The Continuum: Continuous Probability

From Counting to Measuring

Chibany stares at their histogram. They understand expected value now. The 455g average makes sense as a mixture of 500g tonkatsu and 350g hamburger bentos.

But something still bothers them.

Look at these actual measurements from their first week:

Monday:    520g  (tonkatsu)
Tuesday:   348g  (hamburger)
Wednesday: 505g  (tonkatsu)
Thursday:   362g  (hamburger)
Friday:    488g  (tonkatsu)

The weights aren’t exactly 500g and 350g! They vary.
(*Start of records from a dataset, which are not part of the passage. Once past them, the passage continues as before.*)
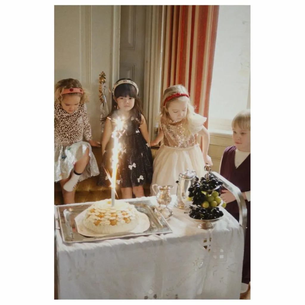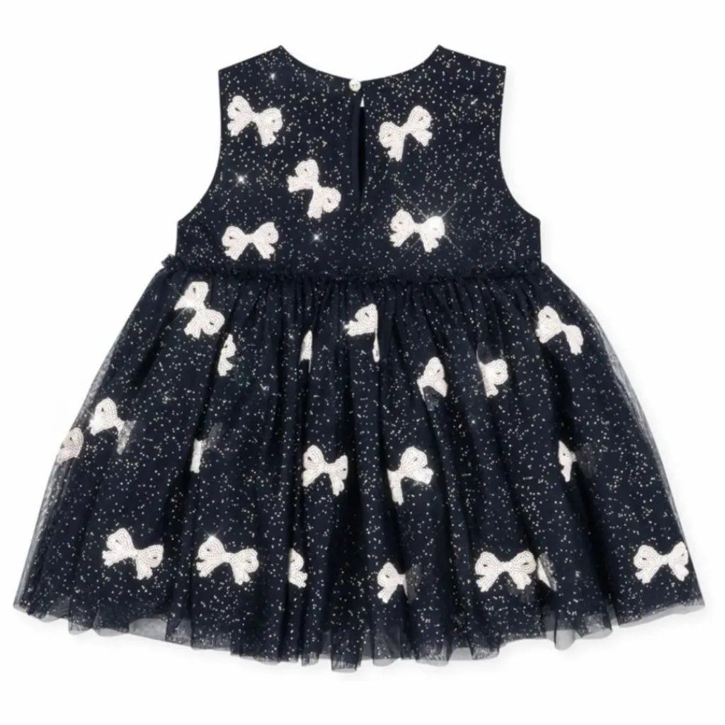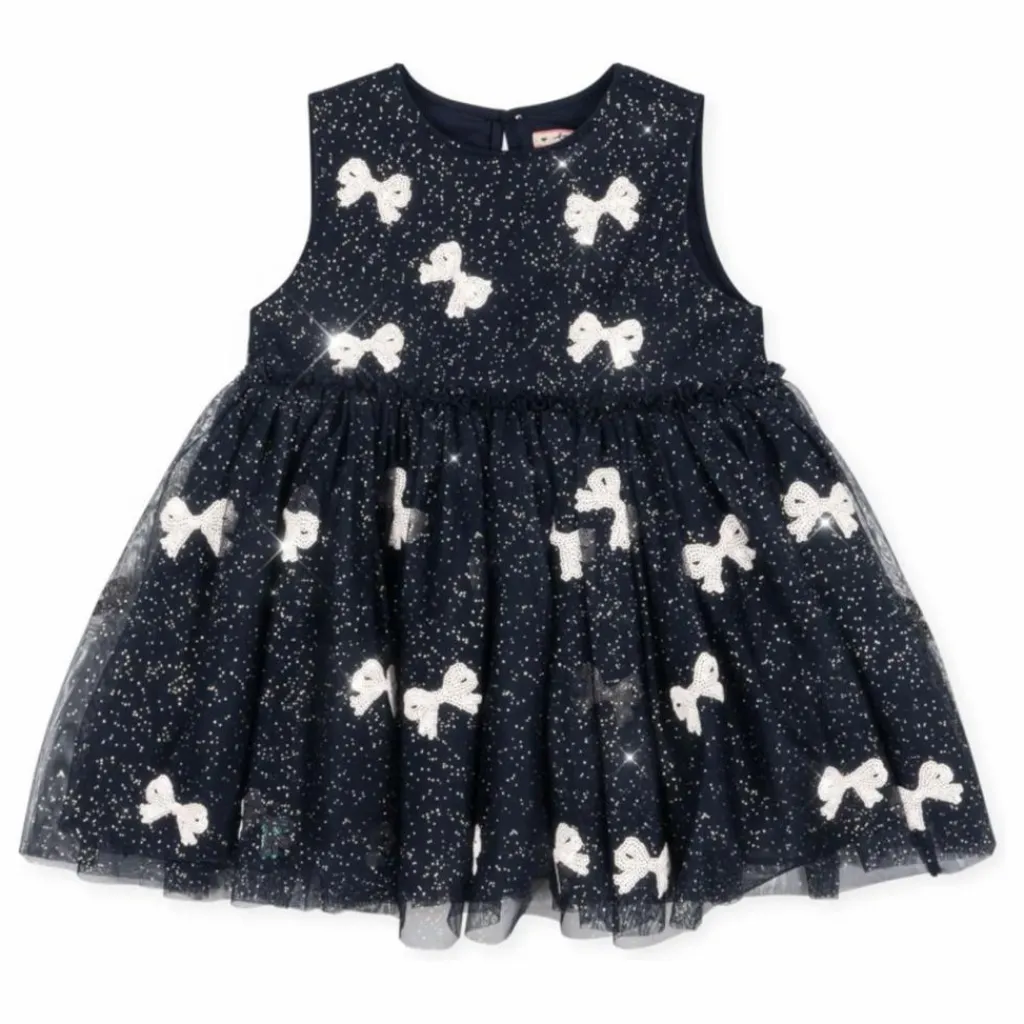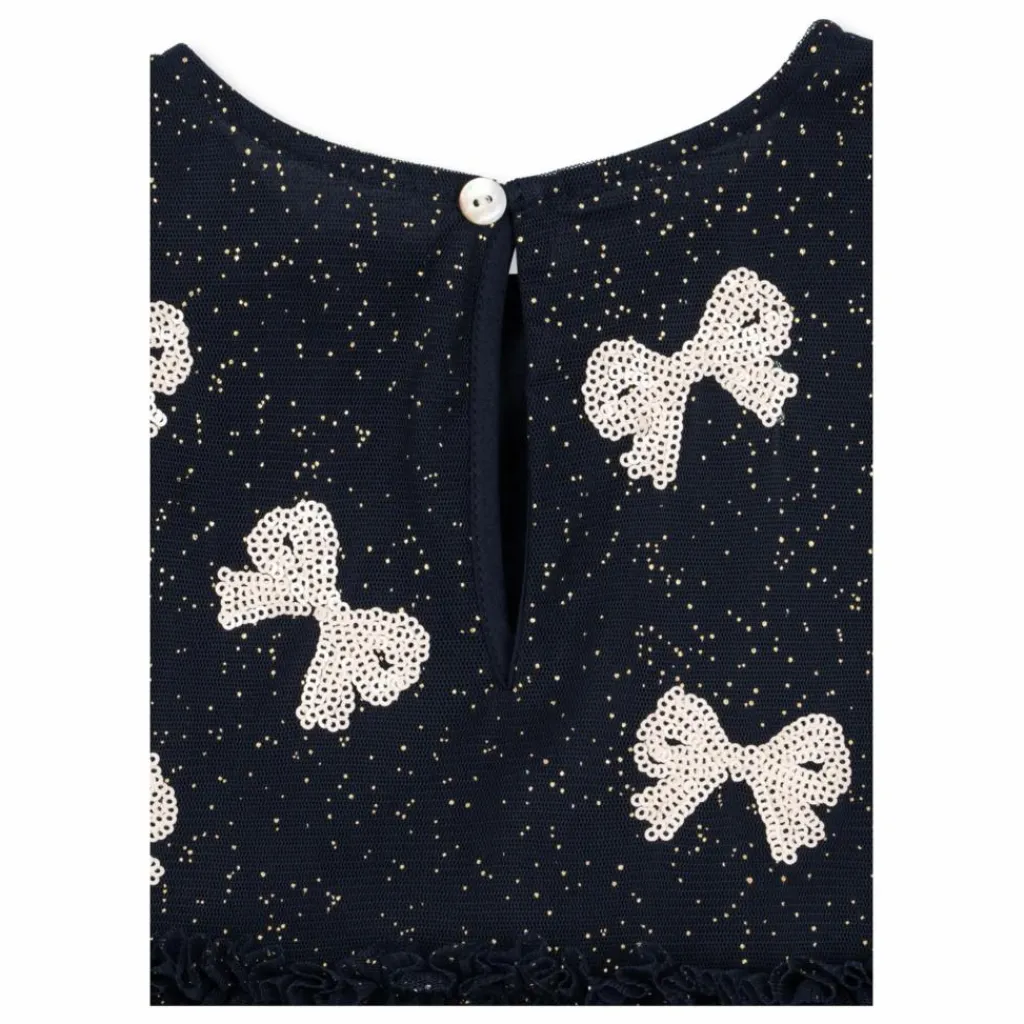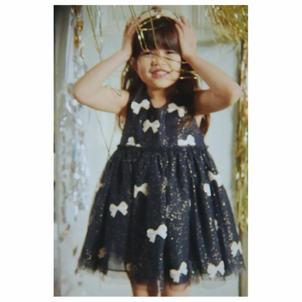 - Robe en tulle ornée de nœuds à sequins et d’un effet scintillant sur l’ensemble.
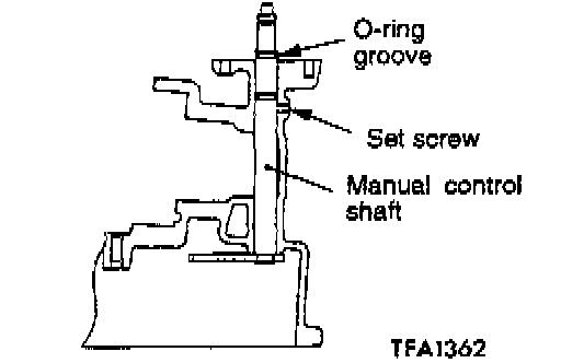 73. After installing a new O-ring on the manual control shaft assembly, draw the shaft back into the case, then install the set screw and gasket. Tighten the detent plate mounting bolt to the specified torque.
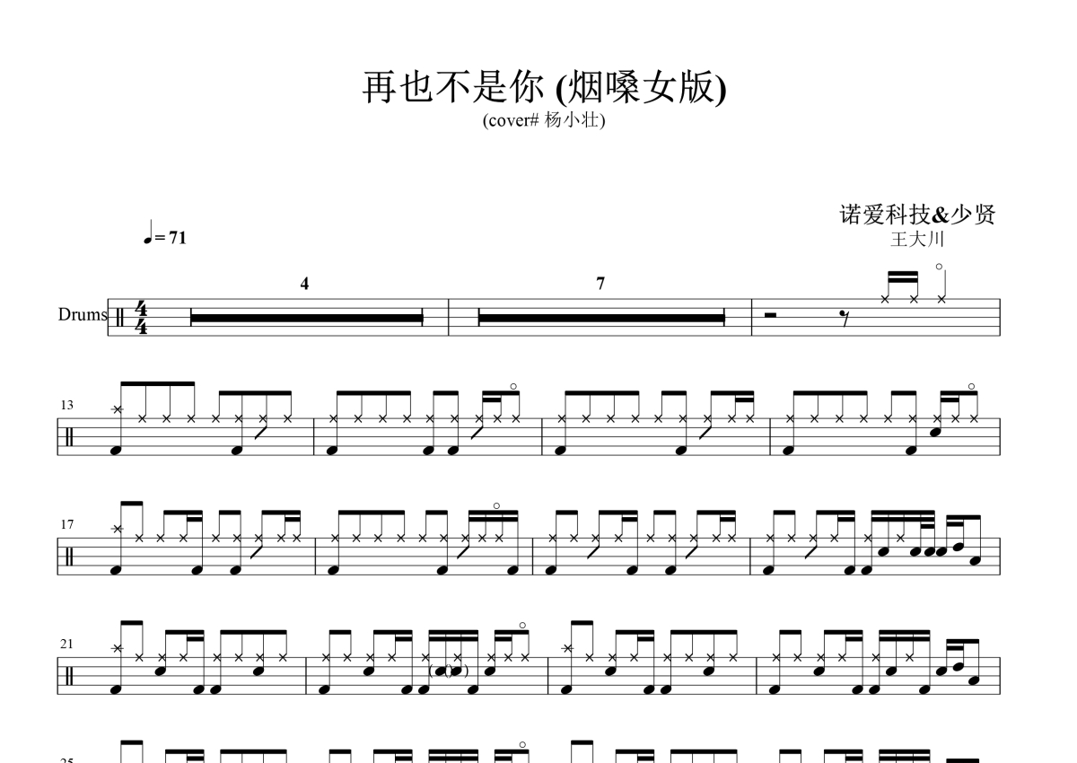 cover#杨小壮《再也不是你》鼓谱 - 架子鼓谱 - 烟嗓女版
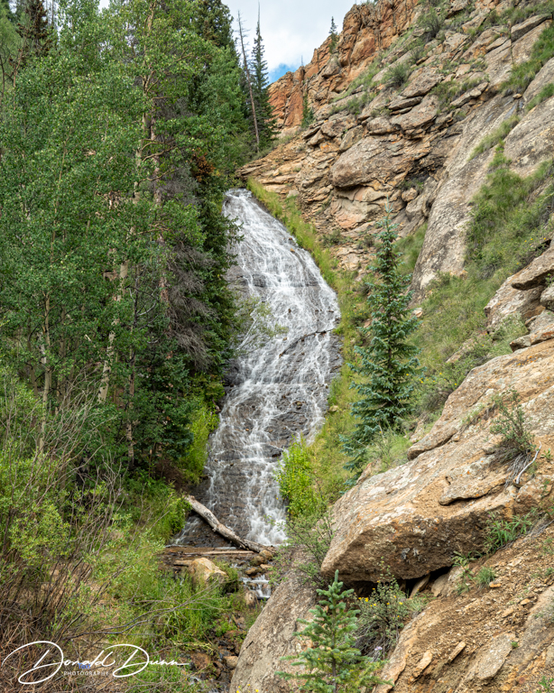 From North Clear Creek Falls, we drove east on the Silver Thread Scenic Byway about one mile to Forest Service Road 515 (Hermit Lakes Road), then 1 1/2 miles west (left) to the Brown Lakes State Wildlife Area. The parking area and trailhead for Rex Falls are straight across from the Troutvale Reservoir as you enter the Wildlife Area. While the short hike was not difficult, it was not without pain. There was a large yellow jacket nest about halfway up on the upper trail. About five feet before  log across the trail, the nest was in or on the ground. It is partially exposed on the right side of the trail. I received a several stings on my left leg hiking to the falls, and a half dozen stings on my right leg hiking back to the trailhead. You’d think I knew better!
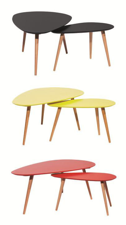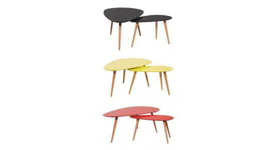 Inicio > Mobiliario > Juego de Mesas Amarillas Negras y Rojas Medianas Forma En Diseno Ovalado Mdf de 18mm Con
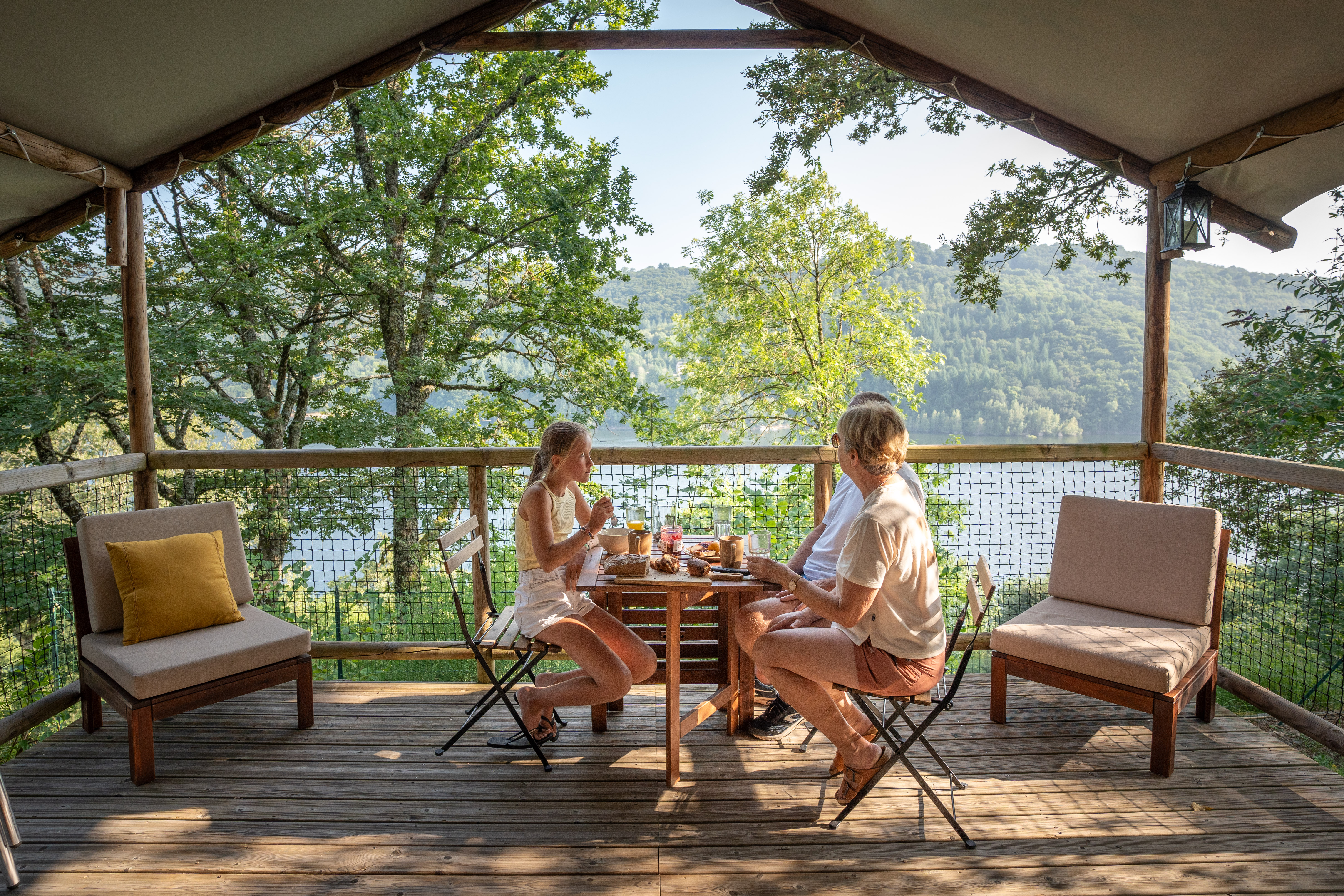 - Lodge Comfort Laussac (4/5 personen): een unieke accommodatie die natuur en moderniteit combineert met een groot overdekt terras om van het buitenleven te genieten.
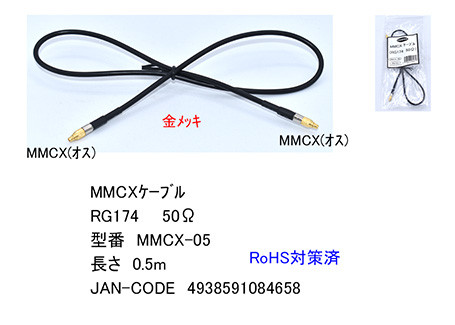 MMCXケーブル(RG174・50Ω) 0.5m
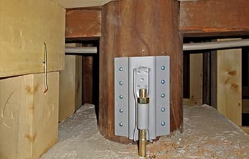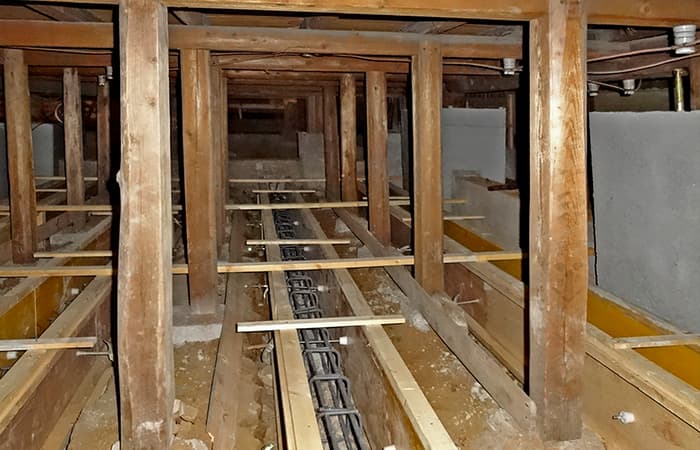 本堂床下の基礎は、新たに鉄筋コンクリート土台を埋設し基礎の安定化ともに、基礎と柱をホールダウンアンカーで接続して地震の際でも柱のズレを防ぎます。
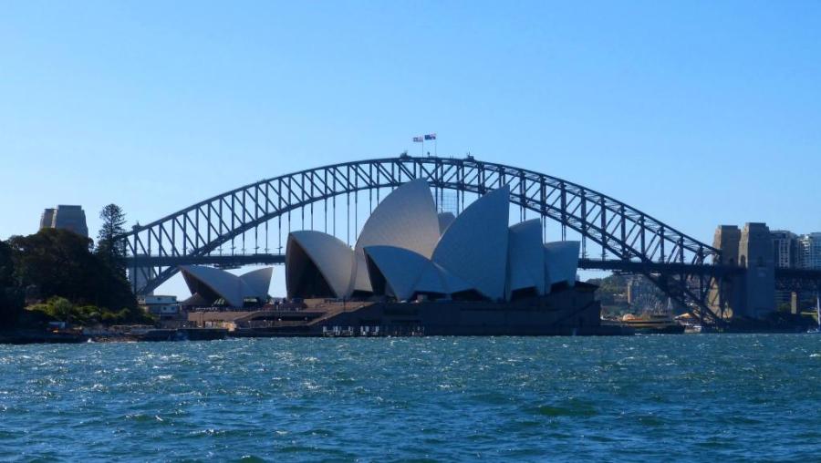 The Opera House and Sydney Harbour Bridge, surrounded by blue!

And here’s the deeper question: What’s the probability that a bento weighs exactly 505.000000… grams?

Chibany realizes: in Tutorial 1, they learned probability by counting discrete outcomes. But weight isn’t discrete. It’s continuous. There are infinitely many possible values between 340g and 520g.

How do you assign probabilities when there are infinitely many possibilities?

The Problem with Discrete Probability

Let’s see why the discrete approach breaks down.

In Tutorial 1, Chibany used this formula: $$P(\text{event}) = \frac{\text{# of outcomes in event}}{\text{# of total outcomes}}$$

This worked because there were finitely many outcomes:

  • Outcome space: {tonkatsu, hamburger}
  • $P(\text{tonkatsu}) = \frac{1}{2}$ if choosing randomly

But with continuous weight, this breaks:

  • Outcome space: all real numbers between (say) 340g and 520g
  • $P(\text{weight} = 505g \text{ exactly}) = \frac{1}{\infty} = 0$

Every specific weight has probability ZERO!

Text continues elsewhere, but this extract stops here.